Requirement: With the pictures set aside, return the lines below exactly, beginning at the first and ending at the line containing "Comparison of the".

== Extracted information

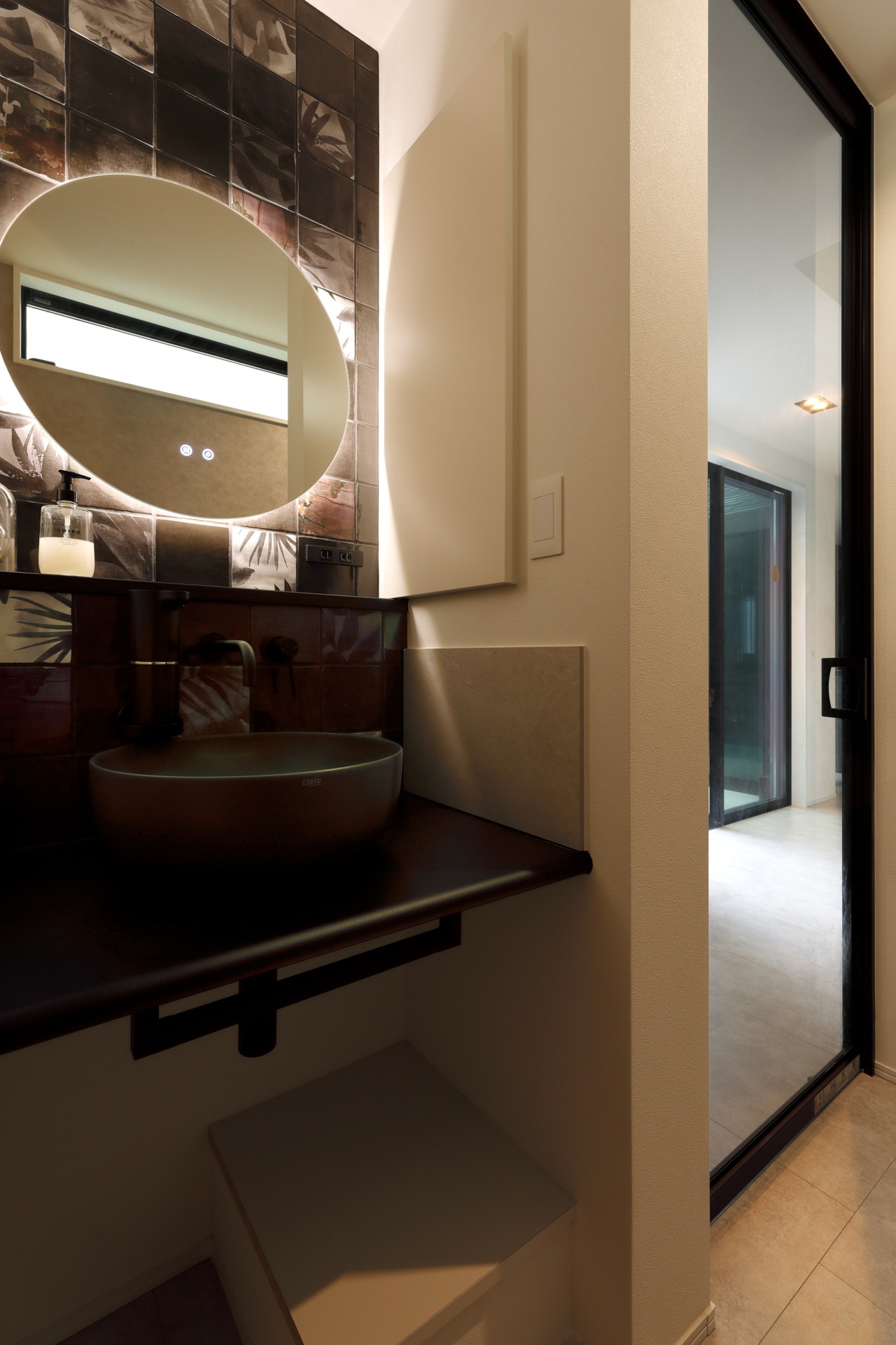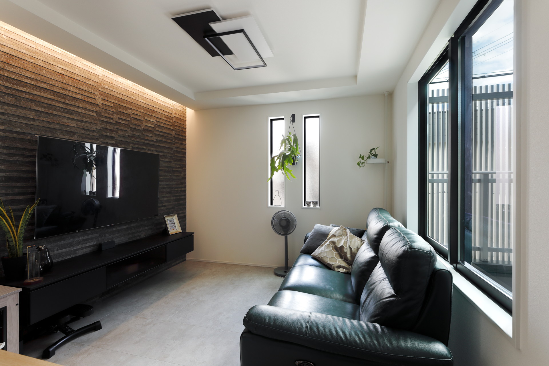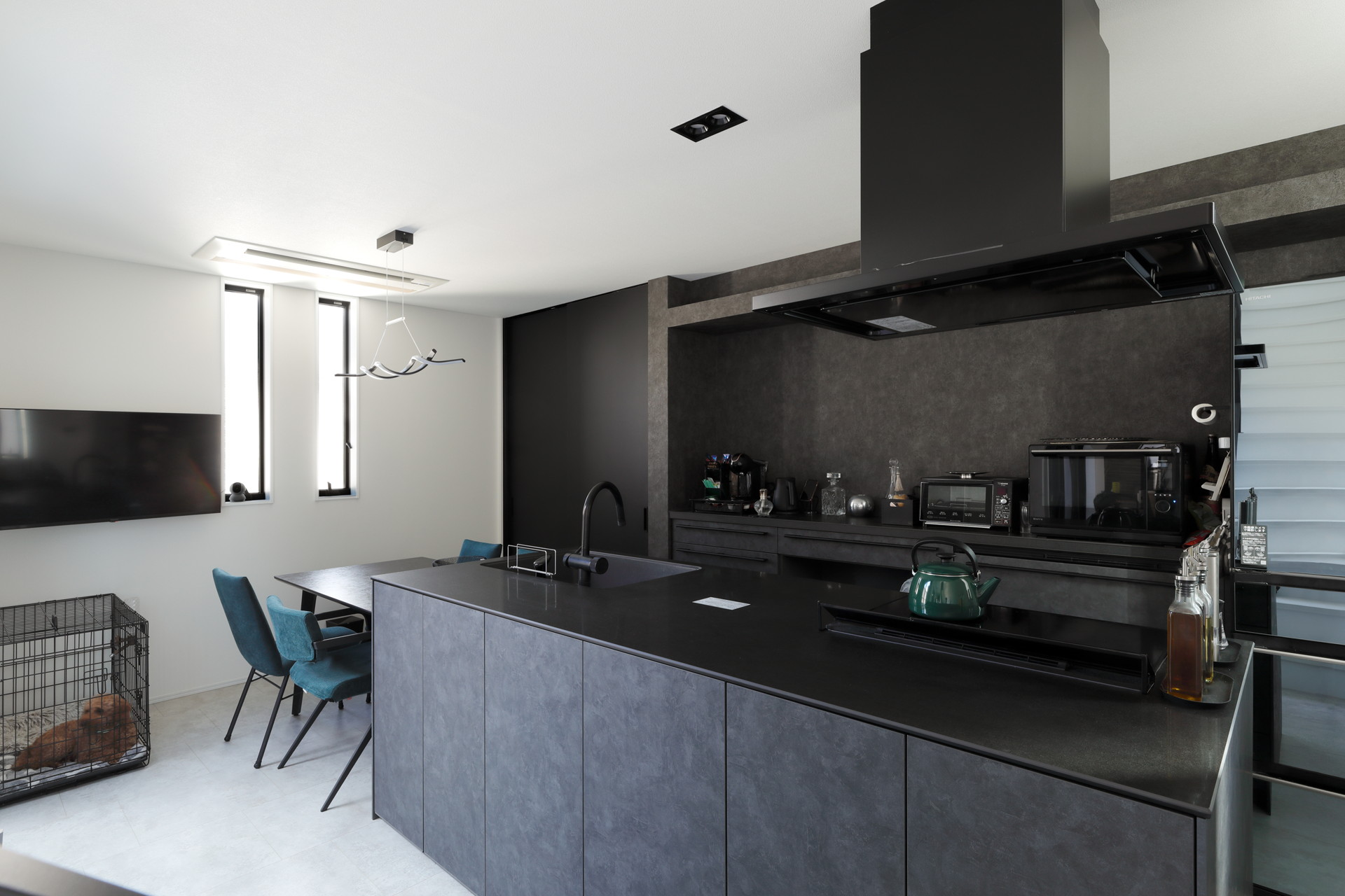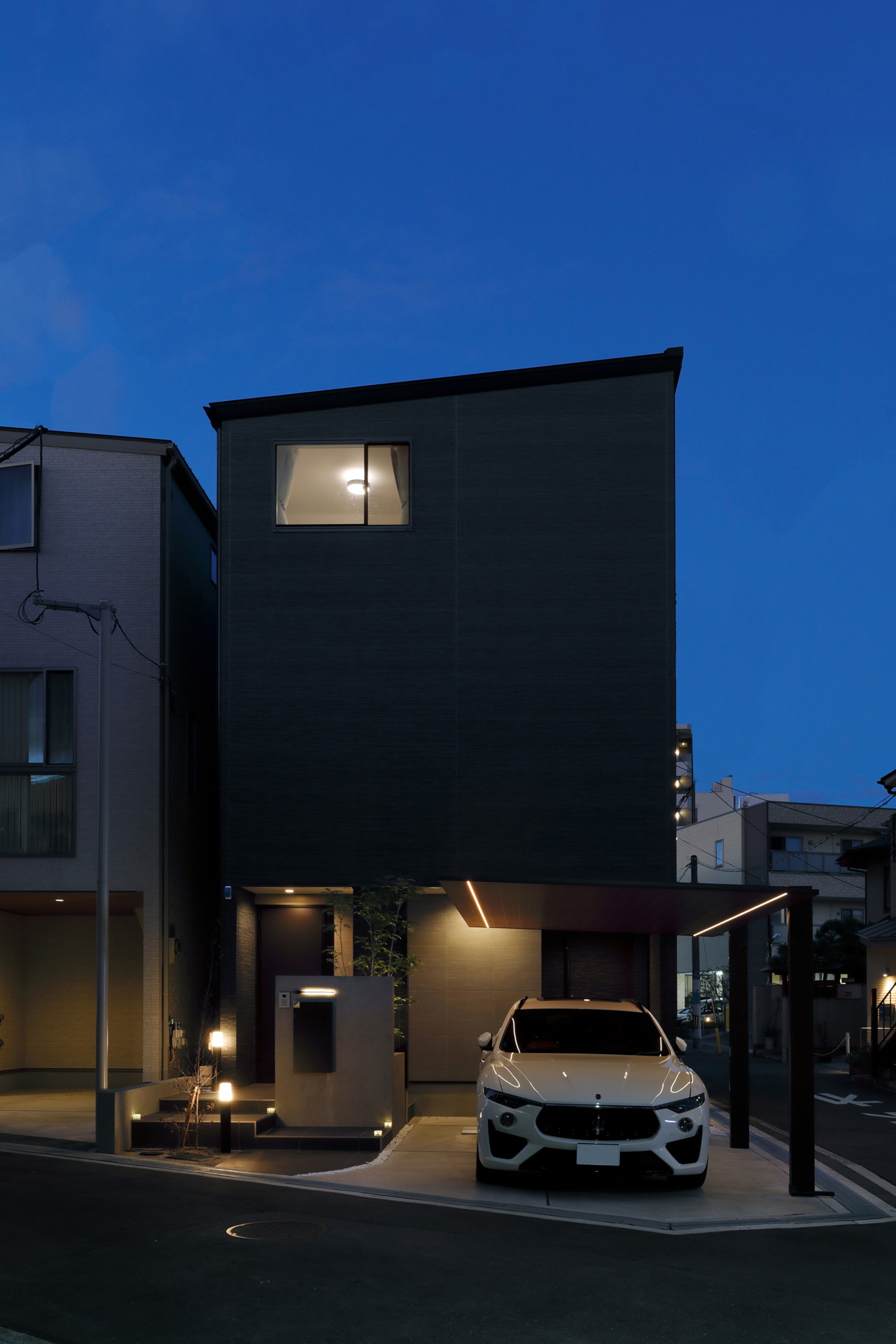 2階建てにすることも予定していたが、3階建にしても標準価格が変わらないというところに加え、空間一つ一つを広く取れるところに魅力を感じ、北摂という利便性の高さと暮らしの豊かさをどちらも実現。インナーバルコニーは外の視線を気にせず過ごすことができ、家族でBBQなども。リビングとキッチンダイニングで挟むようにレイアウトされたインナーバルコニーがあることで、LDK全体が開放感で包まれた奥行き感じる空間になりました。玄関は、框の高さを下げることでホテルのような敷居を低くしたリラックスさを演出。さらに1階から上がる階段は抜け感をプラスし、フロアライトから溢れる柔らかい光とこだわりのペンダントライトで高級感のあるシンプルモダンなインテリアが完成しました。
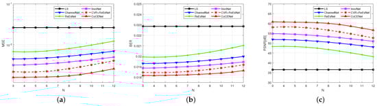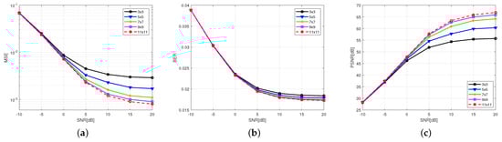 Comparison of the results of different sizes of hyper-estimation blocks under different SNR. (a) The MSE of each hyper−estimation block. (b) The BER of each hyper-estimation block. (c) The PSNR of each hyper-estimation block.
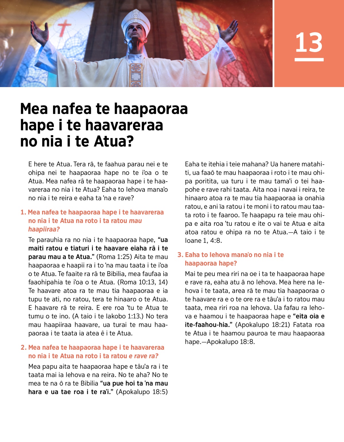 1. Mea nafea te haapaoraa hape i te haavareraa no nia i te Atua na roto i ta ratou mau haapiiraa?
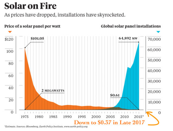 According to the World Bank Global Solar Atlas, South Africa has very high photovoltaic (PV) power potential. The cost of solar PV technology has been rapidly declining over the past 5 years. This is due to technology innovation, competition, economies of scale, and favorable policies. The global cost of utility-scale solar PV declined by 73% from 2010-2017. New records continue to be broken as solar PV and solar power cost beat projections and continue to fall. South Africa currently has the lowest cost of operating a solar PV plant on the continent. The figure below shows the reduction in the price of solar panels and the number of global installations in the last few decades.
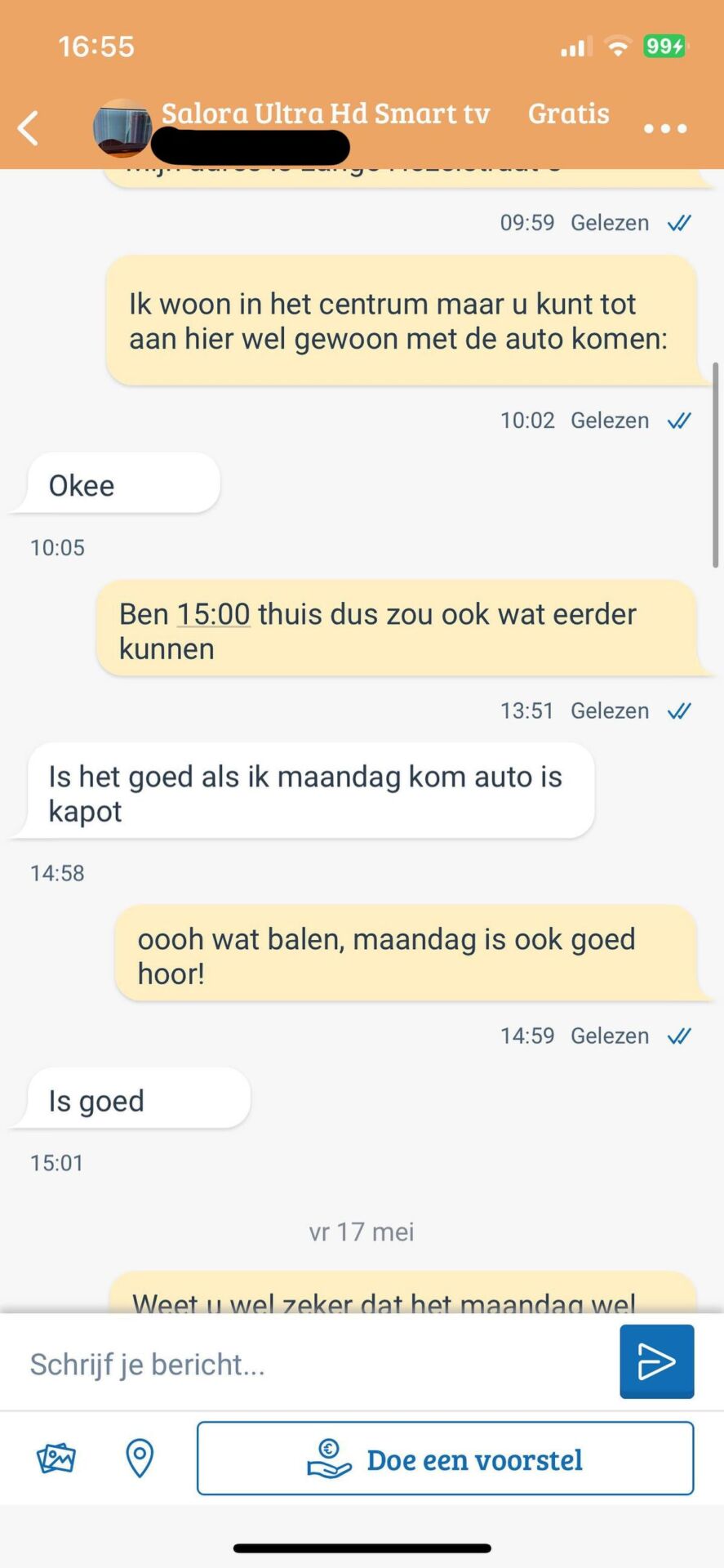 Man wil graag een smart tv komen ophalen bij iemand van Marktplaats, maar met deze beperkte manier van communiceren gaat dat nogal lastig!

====

Task solution:
 2階建てにすることも予定していたが、3階建にしても標準価格が変わらないというところに加え、空間一つ一つを広く取れるところに魅力を感じ、北摂という利便性の高さと暮らしの豊かさをどちらも実現。インナーバルコニーは外の視線を気にせず過ごすことができ、家族でBBQなども。リビングとキッチンダイニングで挟むようにレイアウトされたインナーバルコニーがあることで、LDK全体が開放感で包まれた奥行き感じる空間になりました。玄関は、框の高さを下げることでホテルのような敷居を低くしたリラックスさを演出。さらに1階から上がる階段は抜け感をプラスし、フロアライトから溢れる柔らかい光とこだわりのペンダントライトで高級感のあるシンプルモダンなインテリアが完成しました。
 Comparison of the results of different sizes of hyper-estimation blocks under different SNR. (a) The MSE of each hyper−estimation block. (b) The BER of each hyper-estimation block. (c) The PSNR of each hyper-estimation block.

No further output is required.